Abstract
In this paper we discuss two abstraction techniques we use in CIRCA planning (Musliner, Durfee, & Shin 1993; 1995). CIRCA agents construct and execute plans for controlling real-time systems that interact with a dynamic environment including uncontrolled, exogenous events. In these environments, catastrophic failure is possible if a timely control action is not taken in certain situations. Control plans for these environments must provide guarantees that failures will not occur. Therefore, the CIRCA planning problem is one of generating a timed, discrete event controller (Ostroff & Wonham 1990) that attempts to achieve goals while delivering performance guarantees. In this generation process we abstract temporal information, using a special-purpose temporal prover to summarize information about the latency of various events. We also use a technique we call Dynamic Abstraction Planning (Goldman et al. 1997) to minimize the (non-temporal) feature space of the controllers.
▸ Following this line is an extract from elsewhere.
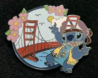 Stitch in San Francisco is a Limited Edition (LE) 100 pin from the Stitch in US cities pin series. It was originally released on , 2005 and was available from Disney Auctions .

In this position paper we present the two abstraction methods used in CIRCA state-space planning. We start by reviewing the CIRCA architecture, which couples a deliberative planning component with a scheduler and a real-time executive. We then present the state-space planning problem, which is the responsibility of CIRCA’s AI Subsystem. We then discuss temporal abstraction in state-space planning, and then present Dynamic Abstraction Planning (DAP), a planning technique that dynamically and locally abstracts the feature space of the controller NFA. We relate these techniques to methods used in AI planning, Model (automation) Minimization and Markov Decision Processes.